Whether in Bahia or in the state of Espírito Santo, this classic of Brazilian cuisine is on the menu of several restaurants.
Despite being based on fish, seafood or plantains (hello vegans!), as well as greens and cilantro, it’s worth remembering that not all moqueca is created equal. The recipe, which combines indigenous, African and Portuguese influences, appears in some versions throughout Brazil. While the Bahian version uses coconut milk and palm oil, the moqueca capixaba is scented (and coloured!) with annatto. Regardless of the version, the fact is that Brazilians are passionate about the recipe. So much so that several restaurants in São Paulo serve moqueca. With the exponential increase of the vegetarian and vegan public in recent years, it is possible to find the recipe in a vegetarian version. Below, check out a selection of addresses offering the dish.
Tordesillas
The menu prepared by chef Mara Salles, a true celebration of Brazilian cuisine, leaves room for some variations of the capixaba moqueca.
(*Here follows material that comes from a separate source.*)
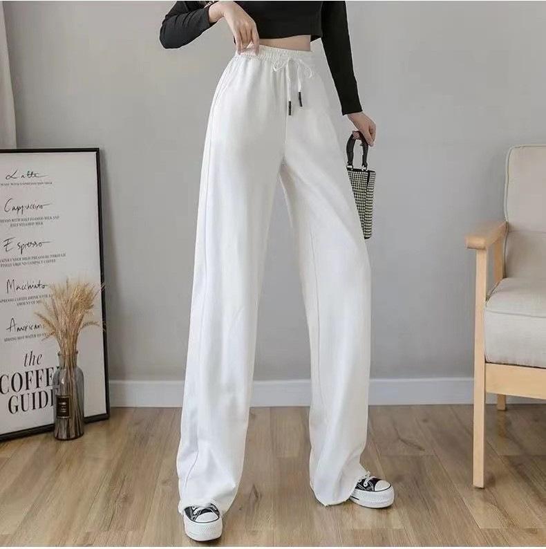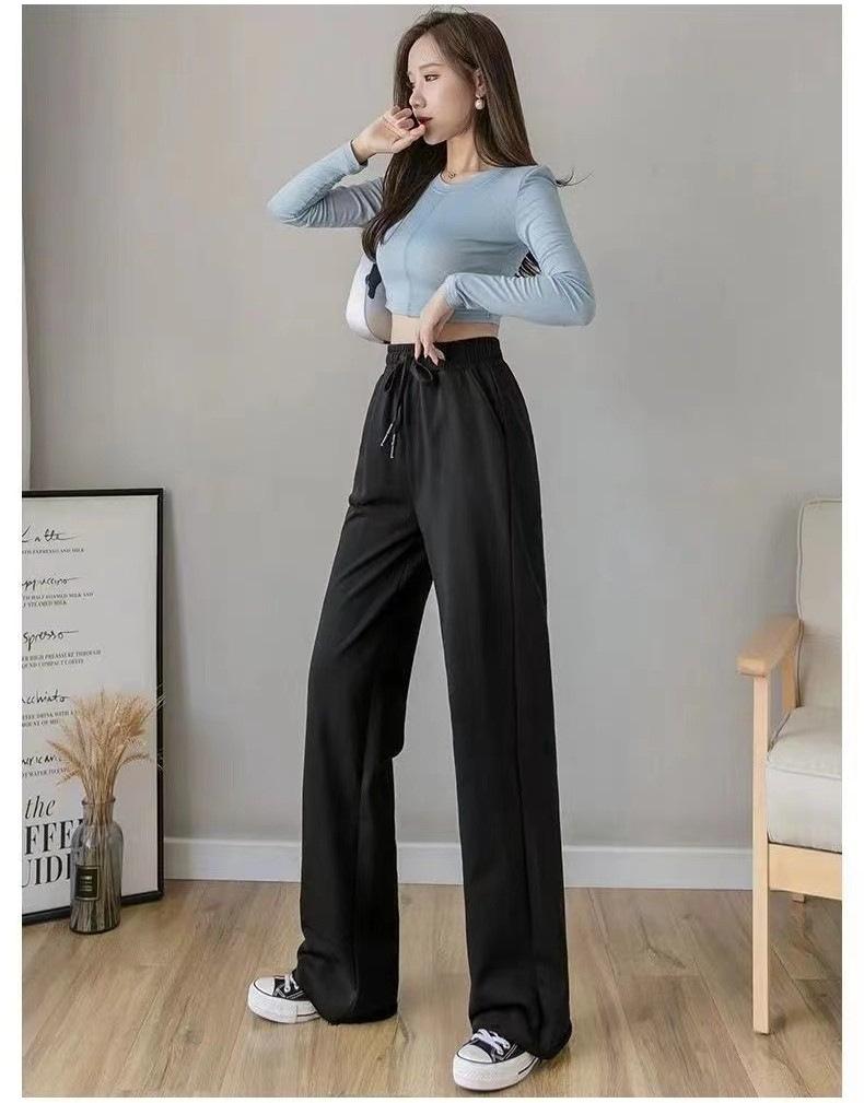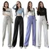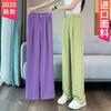 Pantalones de Pierna Ancha para Mujer, Estilo Delgado de Verano, 2025 Nuevo Pantalón Casual Recto de Pierna Recta Drapeado hasta el Piso de Cintura Alta

Based on abadejo, onion, tomato, annatto, olive oil and coriander, it is served in a terracotta pot and arrives on the table with rice farofa and palm oil (from R$95). Other orders include the fish and shrimp moqueca (from R$105), as well as the vegan one, with plantain and coconut milk (R$72). The Bahian version, which also has peppers, coconut milk and palm oil, is not on paper, but anyone who wants it can ask.
Al. Tietê, 489, Jardins. 3107-7444. Thursday and Friday, 12:00/15:00 and 19:00/22:30 (Sat, 12:00/17:00 and 19:00/22:30. Sun, 12:00/17:00) . Own deliveries and via iFood.
Moqueca Bahia
Under the command of chef Leo Bahiense, the delivery, which emerged in the midst of the pandemic, has the moqueca as its protagonist, one of the recipes that are part of his childhood memories. Of course he, who was born in Salvador (BA), presents the Bahian version of the recipe, made with coconut milk, palm oil, pepper and coriander. The menu brings together versions such as tilapia moqueca (from R$ 69.90), the mixed one, with sea bass and prawns (single from R$ 109.90), as well as the vegan one, with ground banana and white beans, or chickpeas (from R $ 54.90). The moquecas come garnished with white rice, palm oil farofa with onion and green chili sauce.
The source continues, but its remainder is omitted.